If you filed a car accident claim in California last year, be prepared for your auto insurance premium to soar as much as 63 percent -- or nearly $500 -- in 2017. That’s the ugly reality, according to the website insurancequotes.com, which offers free insurance quotes and conducts an annual survey of the added cost after filing car insurance claims.
“It probably comes as no surprise to most drivers that filing an auto insurance claim will likely result in a premium spike,” according to the study. “However, the extent of those increases -- and their steady year-over-year incline -- may seem staggering.”
So just how bad is the bad news? The survey took a hypothetical 45-year-old married woman who was employed and had an excellent credit score and accorded her a $2,000-plus accident. Then the survey looked at insurers in all 50 states and the District of Columbia to see how much her premium would rise (see map at bottom). The answer: an average 44 percent. And that’s a 6 percent jump from just three years ago.
But the bad news gets worse. Filing a second claim in the same year boosts an annual premium nearly 100 percent, or 13 percent more than in 2014.

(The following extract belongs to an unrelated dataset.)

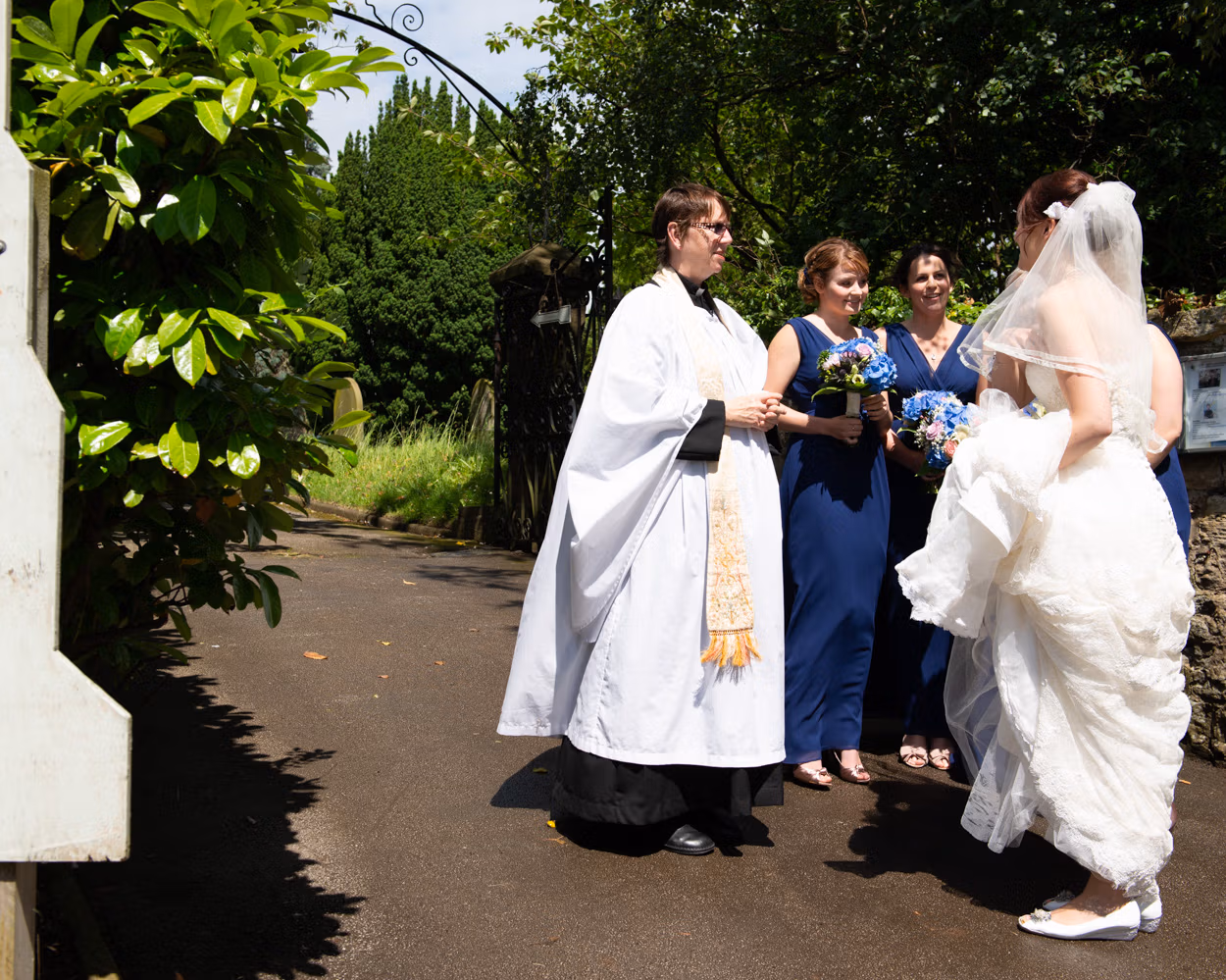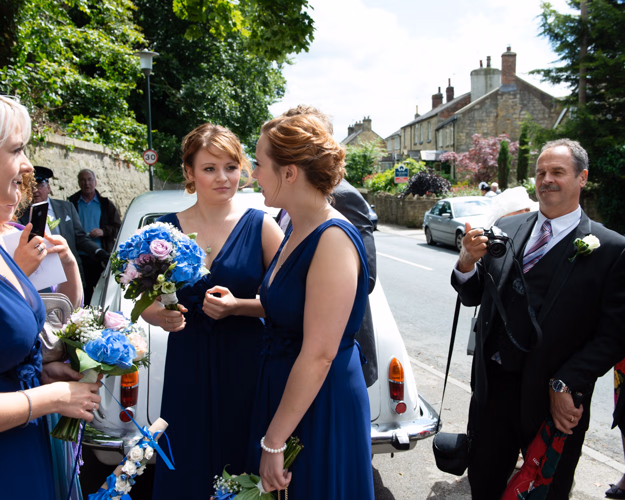 Then, just as the clouds began to lift, a vintage white Rolls pulled up. Tanya stepped out smiling, joining her bridesmaids as they walked together towards the church, the light softening around them.

“Bottom line, insurers see drivers who have multiple accidents as high risk and will price that risk accordingly,” said Loretta Worters, a spokeswoman for the Insurance Information Institute (III), which represents the industry.
The survey also rated bodily injury claims against damage claims and claims against comprehensive coverage, which is generally not mandatory and covers losses such as theft and vandalism.

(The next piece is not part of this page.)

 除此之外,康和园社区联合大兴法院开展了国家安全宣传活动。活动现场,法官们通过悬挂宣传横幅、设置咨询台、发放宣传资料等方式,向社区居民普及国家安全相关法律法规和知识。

Not surprisingly, bodily injury claims raise premiums the most -- nearly 50 percent, far more than damage or comprehensive claims. The average bodily injury costs more than $17,000, while automotive damage averages about $3,500. Bodily injury claims declined for many years until 2015, when they spiked 8 percent spike over the previous year, according to the National Safety Council. That rose again to 9 percent in the first half of 2016 and continues to trend higher each year.
Even more bad news is on the horizon for both good and bad drivers. The nation’s largest insurer of both cars and homes, State Farm, just reported a $7 billion underwriting loss on its auto insurance. That’s almost a guarantee that other car insurers will raise rates more than they already have, and will likely charge drivers who’ve had accidents even more for that poor performance.
“For insurers, bad news always turns into good news,” said Robert Hunter, director of Insurance for the Consumer Federation of America and a frequent critic of the industry. “It’s a good reason to raise rates.”
The average rate for someone filing a single claim has risen about six percentage points since 2014, according to the survey.
Hunter said he has no problem with insurers charging more for drivers who’ve had accidents, particularly when they were at fault. California -- the state that charges the most -- also requires insurers not to use credit scoring and other factors when deciding rates. “The most important thing ought to be your driving record,” said Hunter. “Stay clean, and keep it low.”
But it’s not always possible. While, in theory, an accident that isn’t your fault has to be reported and paid for by the other driver’s insurance company, this may not be the case when lawyers get involved. It could also depend on the police officer who wrote the accident report.
“Assigning fault in an accident is rarely a zero-sum process where one driver is 100 percent at fault and the other driver is zero percent,” said the III’s Worters.
So does this survey offer any good news? Well, yes. A single comprehensive claim, such as for someone throwing a rock through your windshield and damaging your car’s interior, results in an average premium increase of less than 2 percent. That’s because insurers don’t regard this as your fault and because the average comprehensive claim is less than $1,700.
While states like California, New Hampshire and Texas, where certain speed limits exceed 75 miles per hour, had higher premium rate increases after an accident than the national average, others like Maryland, Michigan and Oklahoma were lower, primarily due to insurance regulations that allow for “nondriving factors” such as marital status and credit rating.
Anyone who had an accident can shop around for another insurer with a better rate, said Worters, and some car carriers rate accidents less severely than others in terms of premiums. But your driving record is an open book for all insurers to see. It may also help to take a defensive driving course.
Overall, premiums are trending upward, and drivers who’ve had accidents will likely take the biggest “hit,” since more accidents, fatal and otherwise, are happening all the time. The cost, even when injuries aren’t involved, is also rising, partly due to increased technology found in newer vehicles. Car damage repair costs rose nearly 15 percent in the two years since 2014.
The rationale for the increase in accidents and their rising costs has two schools of thought. One is that Americans drove 3.2 trillion miles last year -- much more than during the recession years of 2008 to 2012 -- and that has inevitably caused more casualties. The other is that the “epidemic” of cell phones, tablets and other tech devices that drivers use in connected cars has distracted them and their driving.
But one thing is for sure. If drivers ever needed an incentive to stay off the cell phone, they should keep in mind what happens after an accident.